Am Donnerstag, den 11.08.2005, 14:08 +0200 schrieb PFC:
>
> > You could lock the count table to prevent the problem
> > where 2 competing transactions do an insert, read the
> > start value and add 1 to it and then write the result
> > - which is n+1 rather then n+2 - so you are off by one.
> > Think of the same when one transaction inserts 100
> > and the other 120. Then you could even be off by 100.
>
> Niet.
>
> If your trigger does UPDATE counts_cache SET cached_count =
> cached_count+N WHERE ...
> Then all locking is taken care of by Postgres.
> Of course if you use 2 queries then you have locking issues.
Yes, in the case you use just the UPDATE statement you are right.

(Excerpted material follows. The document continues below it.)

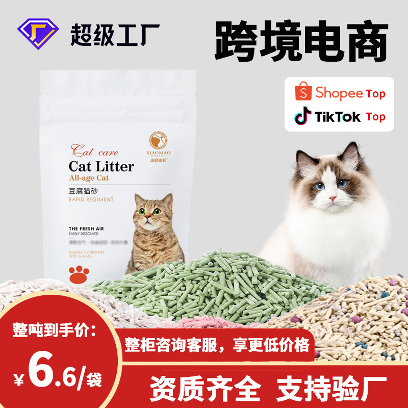 Наполнитель для кошачьего туалета из тофу, 6 л, оптовая продажа для трансграничной электронной торговли, дезодорирующий, с низким содержанием пыли, от производителя, смываемый, экспортный опт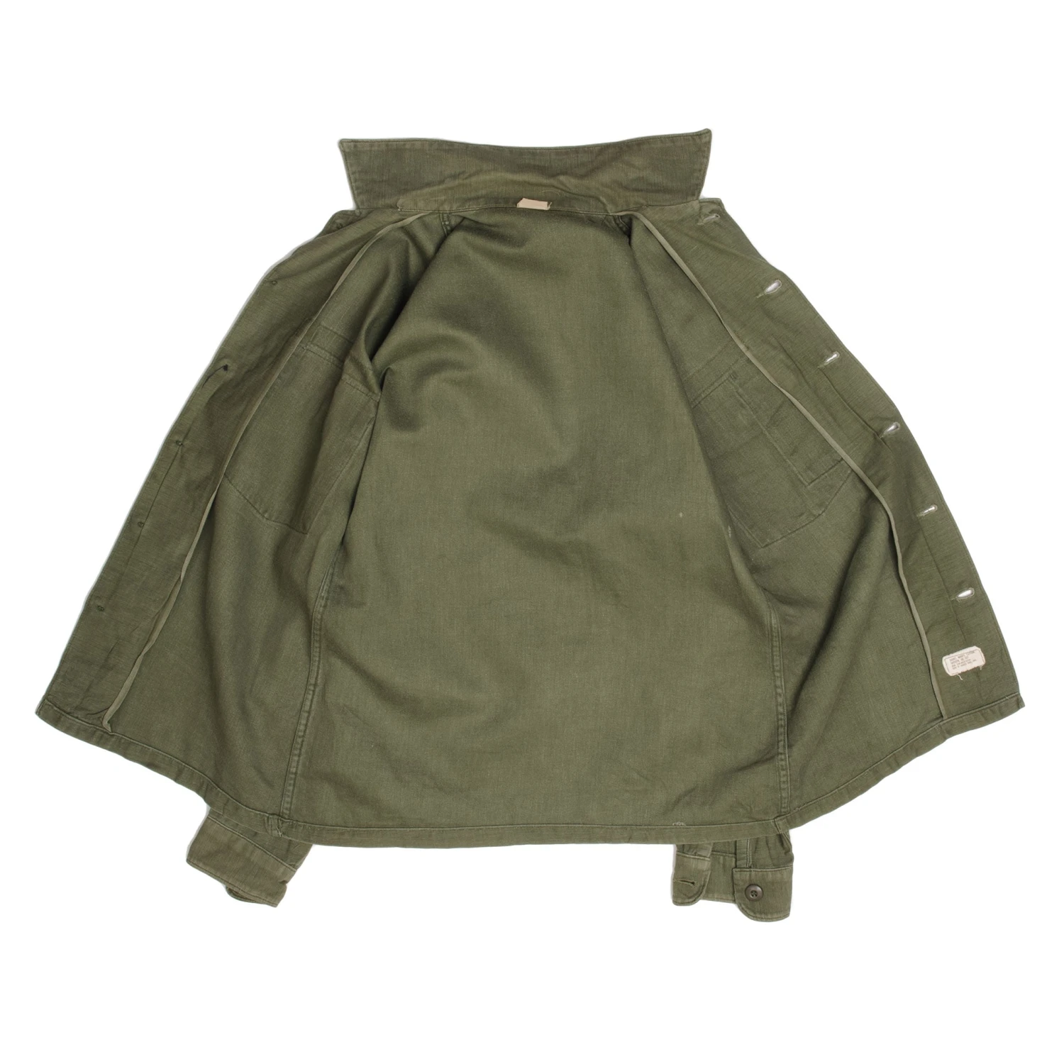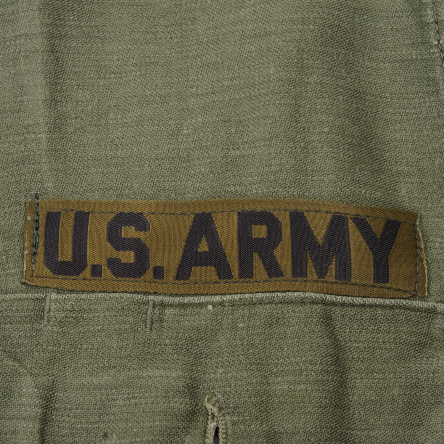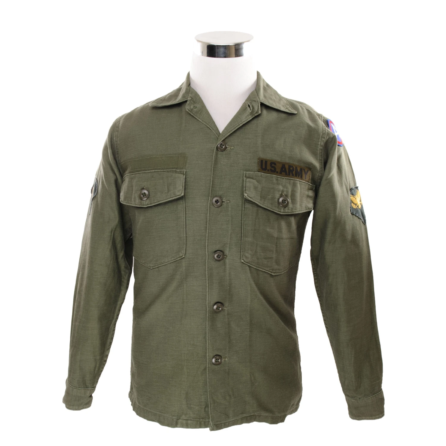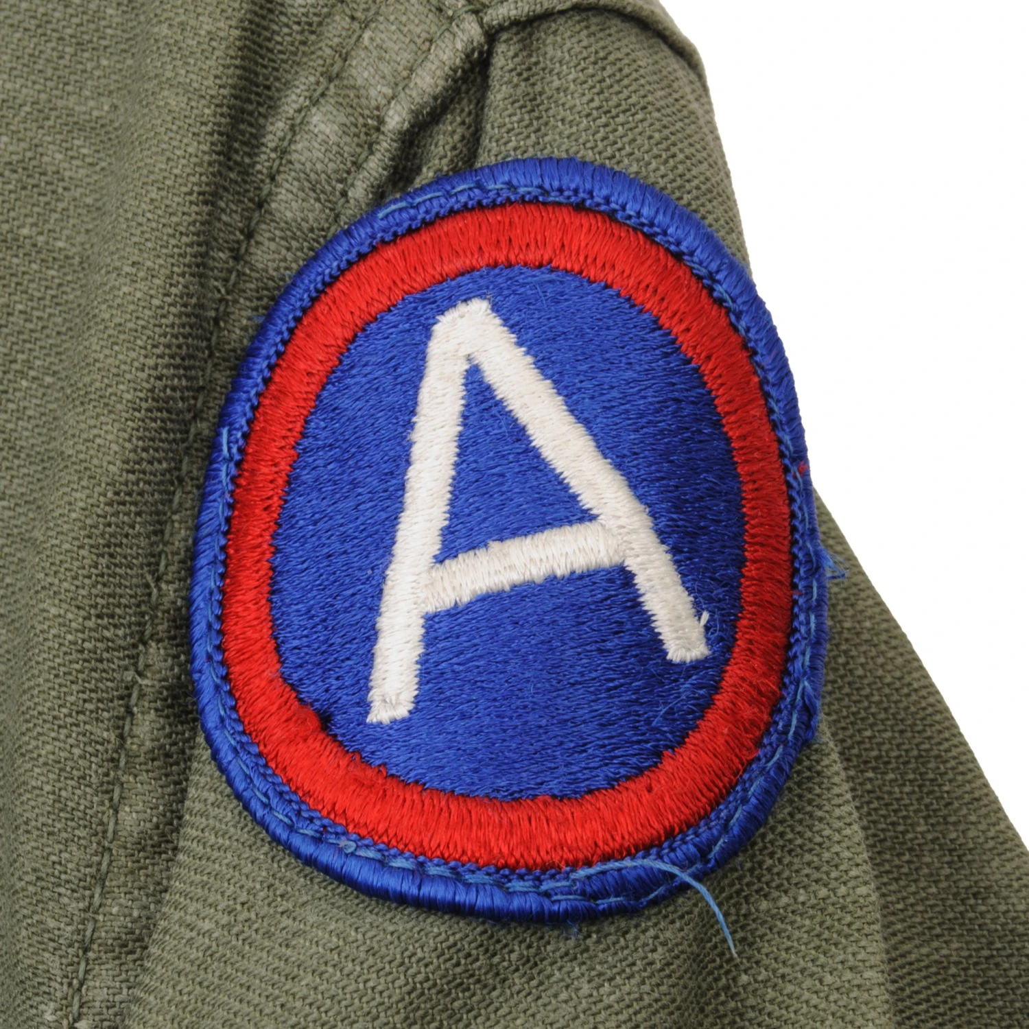 The 1964 design of the Utility Shirt featured V-cut pocket flaps, cuffed sleeves and domed plastic summarys. Like its predecessor, it was made from olive green (OG-107) 8.8oz cotton sateen.

This
does the locking I was talking about.
In either case I'd use an after trigger and not before to minimize
the impact.
> However the UPDATE counts_cache has a problem, ie. it locks this row FOR
> UPDATE for the whole transaction, and all transactions which want to
> update the same row must wait to see if the update commits or rollbacks,
> so if you have one count cache row for the whole table you get MySQL style
> scalability...
>
> To preserve scalability you could, instead of UPDATE, INSERT the delta of
> rows inserted/deleted in a table (which has no concurrencies issues) and
> compute the current count with the sum() of the deltas, then with a cron,
> consolidate the deltas and update the count_cache table so that the deltas
> table stays very small.
Yes, this is in fact a better approach to this problem.